RECORDS PROVIDED:
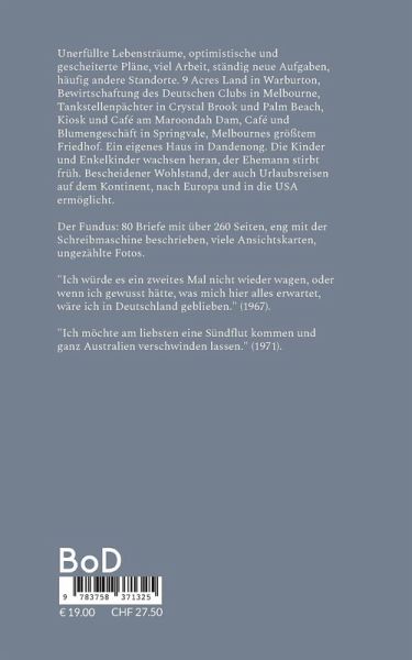 Unerfüllte Lebensträume, optimistische und gescheiterte Pläne, viel Arbeit, ständig neue Aufgaben, häufig andere Standorte. 9 Acres Land in Warburton, Bewirtschaftung des Deutschen Clubs in Melbourne, Tankstellenpächter in Crystal Brook und Palm Beach, Kiosk und Café am Maroondah Dam, Café und Blumengeschäft in Springvale, Melbournes größtem Friedhof. Ein eigenes Haus in Dandenong. Die Kinder und Enkelkinder wachsen heran, der Ehemann stirbt früh. Bescheidener Wohlstand, der auch Urlaubsreisen auf dem Kontinent, nach Europa und in die USA ermöglicht. Der Fundus: 80 Briefe mit über 260 Seiten, eng mit der Schreibmaschine beschrieben, viele Ansichtskarten, ungezählte Fotos."Ich würde es ein zweites Mal nicht wieder wagen, oder wenn ich gewusst hätte, was mich hier alles erwartet, wäre ich in Deutschland geblieben." (1967)."Ich möchte am liebsten eine Sündflut kommen und ganz Australien verschwinden lassen." (1971).
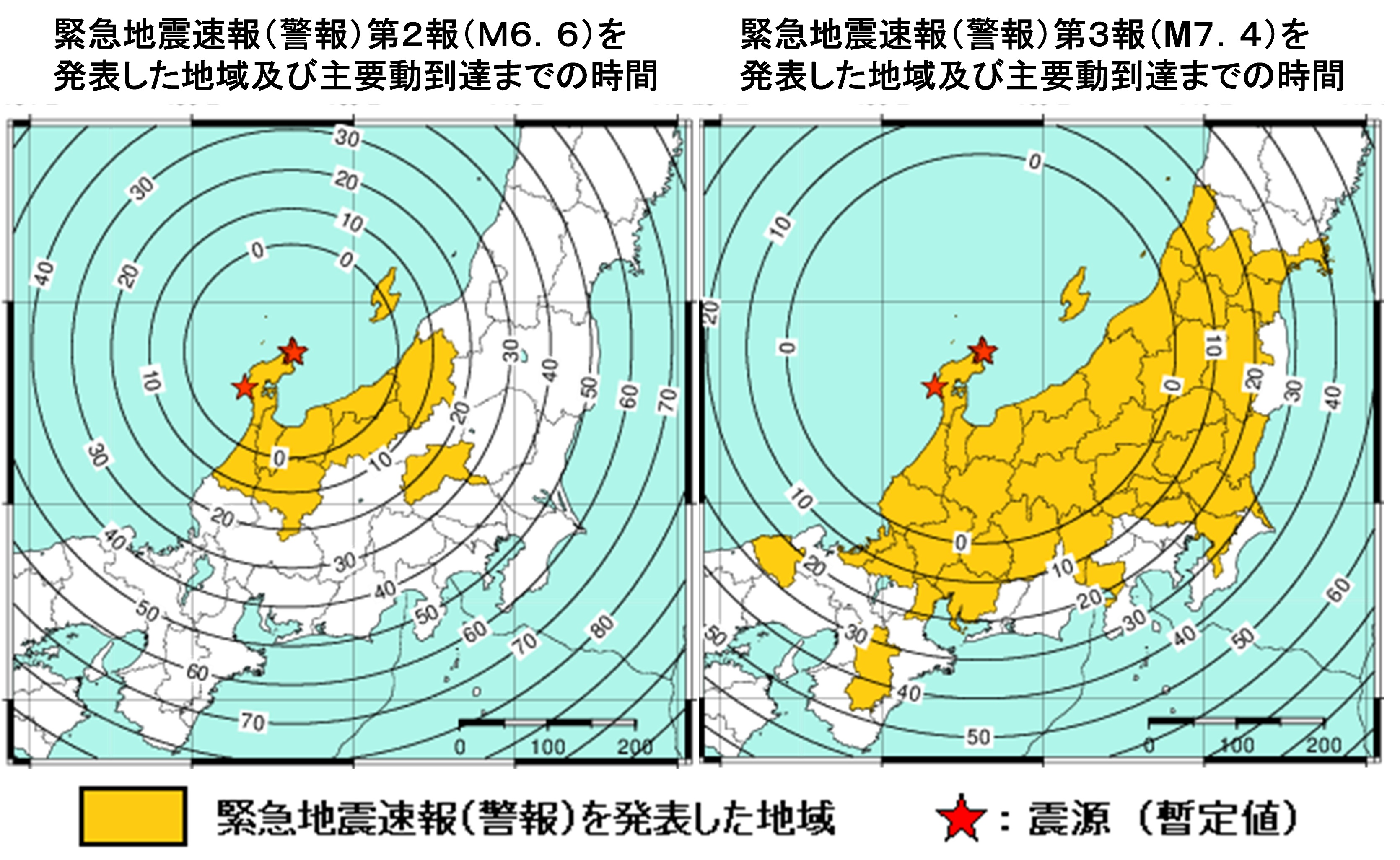 なおこの際に気象庁発表の緊急地震速報(警報第2報)は、揺れが強かった震源域周辺の直径約430kmの領域で、速報が主要動の到達に間に合いませんでした(図5左図の0秒円内)。
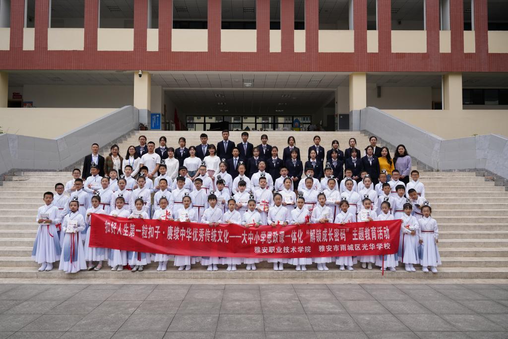 为贯彻落实“立德树人”的根本任务,引导青少年员工“扣好人生第一粒扣子”,迈好人生新台阶。4月26日上午,在公司党委的领导下,太阳成tyc7111cc以“三色铸魂”党建工作品牌为抓手,以公司大中小学思政课一体化研究中心为依托,充分发挥职业院校社区教育的作用,携手雅安市雨城区光华公司组织开展“扣好人生第一粒扣子·赓续中华优秀传统文化——大中小学一体化‘解锁成长密码’”主题教育活动。
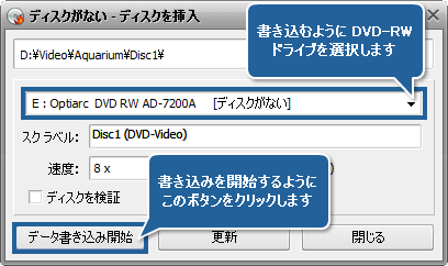 書き込みが終了した後、ディスクは自動的に取り出されます。ディスクを検証をオンにした場合は、ディスクを検証するが必要があるため、出力ファイルのサイズに応じて書き込み時間が多少長くなります。
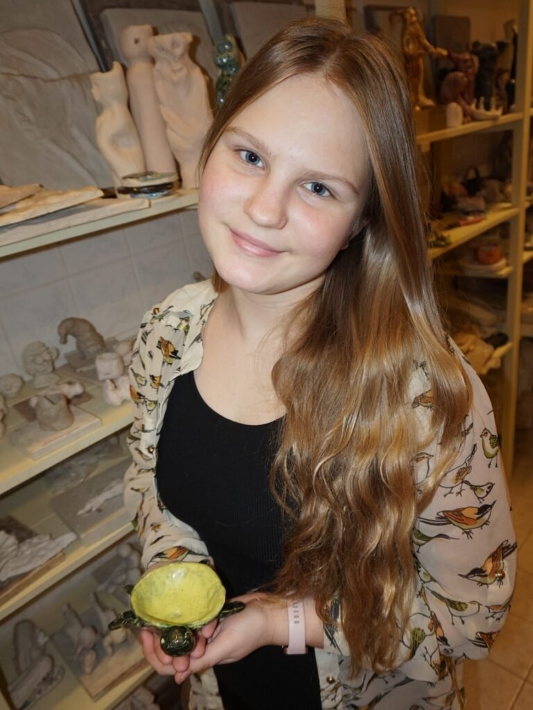 Seitsmes Kultuuriklubi kohtumine toimus Põlva Kunstikoolis, kus saime kätte oma hoole ja armastusega valminud tööd. Noored olid lõpptulemusega ülirahul ning põhjusega. Joosepile meeldis kõige rohkem tass, mis punase asemel oli hoopis kohati kelmikalt lillaks värvunud. Elele meeldis kõige rohkem taldrik ning eriti see, kuidas sügav samblaroheline värv valguse käes vastu läikis. Mirellele meeldis kõige rohkem kilpkonn, mida saab tulevikus kasutada väikeste kivide ja merekarpide hoiustamiseks.

DIRECTIONS: No picture belongs in the copy. Print every entry above exactly as it stands.

WRITTEN RESPONSE:
 Unerfüllte Lebensträume, optimistische und gescheiterte Pläne, viel Arbeit, ständig neue Aufgaben, häufig andere Standorte. 9 Acres Land in Warburton, Bewirtschaftung des Deutschen Clubs in Melbourne, Tankstellenpächter in Crystal Brook und Palm Beach, Kiosk und Café am Maroondah Dam, Café und Blumengeschäft in Springvale, Melbournes größtem Friedhof. Ein eigenes Haus in Dandenong. Die Kinder und Enkelkinder wachsen heran, der Ehemann stirbt früh. Bescheidener Wohlstand, der auch Urlaubsreisen auf dem Kontinent, nach Europa und in die USA ermöglicht. Der Fundus: 80 Briefe mit über 260 Seiten, eng mit der Schreibmaschine beschrieben, viele Ansichtskarten, ungezählte Fotos."Ich würde es ein zweites Mal nicht wieder wagen, oder wenn ich gewusst hätte, was mich hier alles erwartet, wäre ich in Deutschland geblieben." (1967)."Ich möchte am liebsten eine Sündflut kommen und ganz Australien verschwinden lassen." (1971).
 なおこの際に気象庁発表の緊急地震速報(警報第2報)は、揺れが強かった震源域周辺の直径約430kmの領域で、速報が主要動の到達に間に合いませんでした(図5左図の0秒円内)。
 为贯彻落实“立德树人”的根本任务,引导青少年员工“扣好人生第一粒扣子”,迈好人生新台阶。4月26日上午,在公司党委的领导下,太阳成tyc7111cc以“三色铸魂”党建工作品牌为抓手,以公司大中小学思政课一体化研究中心为依托,充分发挥职业院校社区教育的作用,携手雅安市雨城区光华公司组织开展“扣好人生第一粒扣子·赓续中华优秀传统文化——大中小学一体化‘解锁成长密码’”主题教育活动。
 書き込みが終了した後、ディスクは自動的に取り出されます。ディスクを検証をオンにした場合は、ディスクを検証するが必要があるため、出力ファイルのサイズに応じて書き込み時間が多少長くなります。
 Seitsmes Kultuuriklubi kohtumine toimus Põlva Kunstikoolis, kus saime kätte oma hoole ja armastusega valminud tööd. Noored olid lõpptulemusega ülirahul ning põhjusega. Joosepile meeldis kõige rohkem tass, mis punase asemel oli hoopis kohati kelmikalt lillaks värvunud. Elele meeldis kõige rohkem taldrik ning eriti see, kuidas sügav samblaroheline värv valguse käes vastu läikis. Mirellele meeldis kõige rohkem kilpkonn, mida saab tulevikus kasutada väikeste kivide ja merekarpide hoiustamiseks.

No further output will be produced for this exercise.